Culotta grins. She is a family friend, a thirty-five-year-old former dental assistant who serves as Spears’ surrogate mother and best friend when Spears is on the road. Which is to say, almost all the time. She hands a cup to Spears.

“Thanks, Fee,” says Spears.

“You got it, Boo,” says Culotta in a matching Southern accent.

Spears takes a calming sip and looks around the room.
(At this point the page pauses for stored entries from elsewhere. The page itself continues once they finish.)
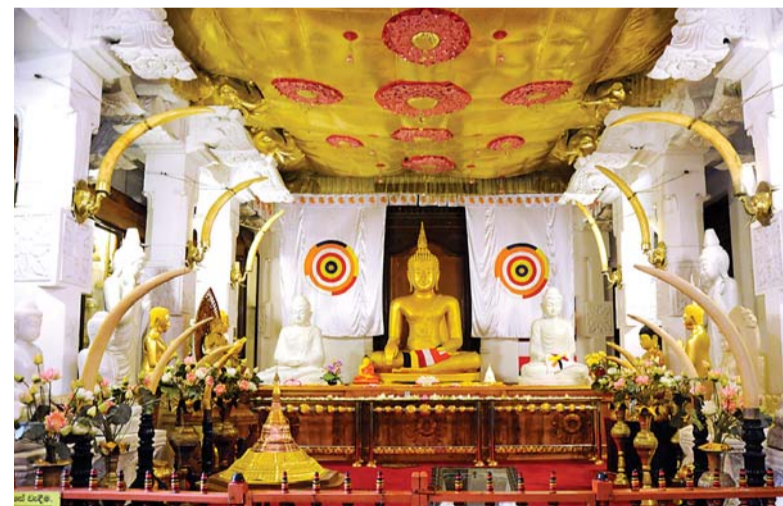
Temple Sacred Tooth Relic, Kandy, Sri Lanka.
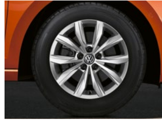
Salou 15" alloy wheels (Standard on Comfortline)
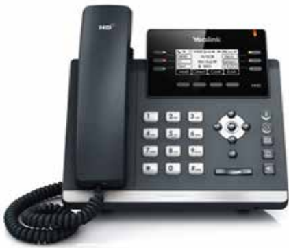
Yealink SIP T42G 12 line 15 key GigE
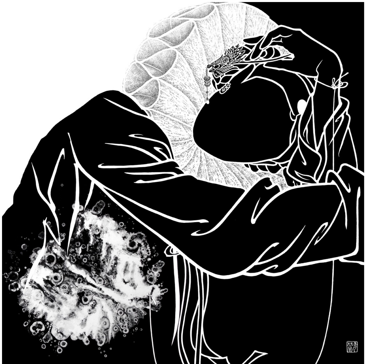
Annysa Ng , Embrace Nothingness II , 2014, Ink and acrylic on canvas, 40 x 40 in (101.6 x 101.6 cm)
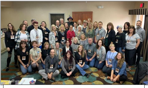
Charter members of the Parrot Conservation Alliance

learn more effectively from each other, and create new avenues for working together on behalf of all parrots everywhere. It was an incredible weekend learning from, and getting to know, some truly amazing people working in solidarity to increase protection for all parrots everywhere.
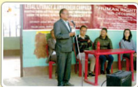
Pamphok, South Sikkim
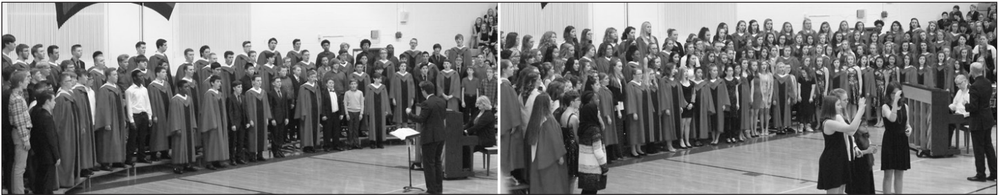
Eighth-grade boys joined the Warrior Choir men, and eighth-grade girls joined the Warrior Choir women, to perform a song.
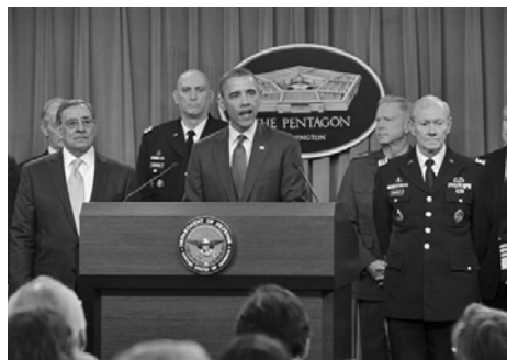
President Obama speaking on the release of the Defense Strategic Guidance (January 5, 2012)

One concern is that the cuts are sudden and drastic. In a letter to Senators John McCain and Lindsey Graham, Secretary of Defense Panetta stated that the sequester could reduce the fiscal 2013
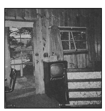
Notice old TV
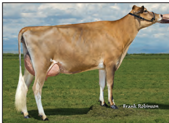
CASCADIA IATOLA MAJESTIC-ET, E-92% SISTER TO THE GRANDAM OF LOT 141
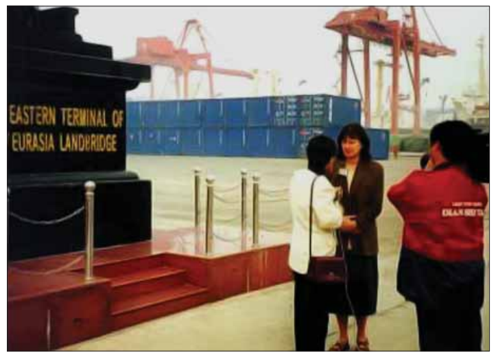
Helga Zepp-LaRouche in China, October 1998, at the Eastern Terminus of the New Eurasia Landbridge, at Lianyungang Port.

The entire world thus finds itself in such an alarming
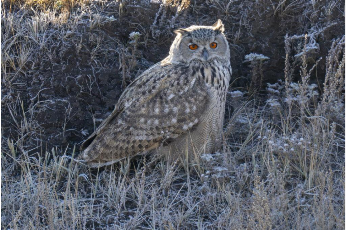
Eurasian Eagle-Owl
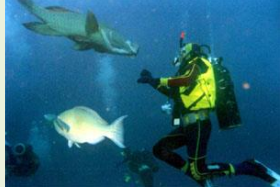
Feeding a Naploeon Wrasse with eggs - banned a few years later as it proved to be injurious to the fish.
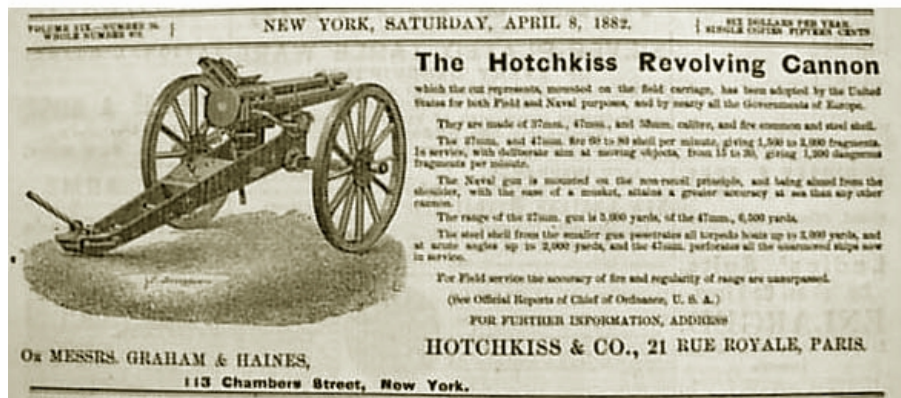
Figure 1.3. Hotchkiss Revolving Cannon

Ideologies of US settler colonialism directly informed Australian settler colonialism. South African apartheid townships, the kill-zones in what became the Philippine colony, then nation-state, the checkerboarding of Palestinian land with checkpoints, were modeled after U.S. seizures of land and containments of Indian bodies to reservations. The racial science developed in the U.S. (a settler colonial racial science) informed Hitler’s designs on racial purity (“This book is my bible” he said of Madison Grant’s The Passing of the Great Race ). The admiration is sometimes mutual, the doctors and administrators of forced sterilizations of black, Native, disabled, poor, and mostly female people - The Sterilization Act accompanied the Racial Integrity Act and the Pocohontas Exception - praised the Nazi eugenics program. Forced sterilizations became illegal in California in 1964. The management technologies of North American settler colonialism have provided the tools for internal colonialisms elsewhere.

“Since the beginning of this year, I’ve been such a worrywart,” she says. “My anxiety has just been crazy. At the beginning of last year, when everything was rolling and everything was good, it was so new and exciting to me. Maybe I’m just changing and getting older, but I find I need to have my downtime, just to myself, or I’ll go crazy.”

There are several ways Spears deals with her stress. When she is alone, she writes in a prayer journal. When she and Culotta are together, they play a game in which Spears pretends to be someone else. Some days it is Ashley Judd. Other days she is Lenny Kravitz. But there are also times when the crowds press in on Spears, in dressing rooms and at photo opportunities, and the pressure of all those people and those expectations gets to be too much. In those moments, she and Culotta have a special code.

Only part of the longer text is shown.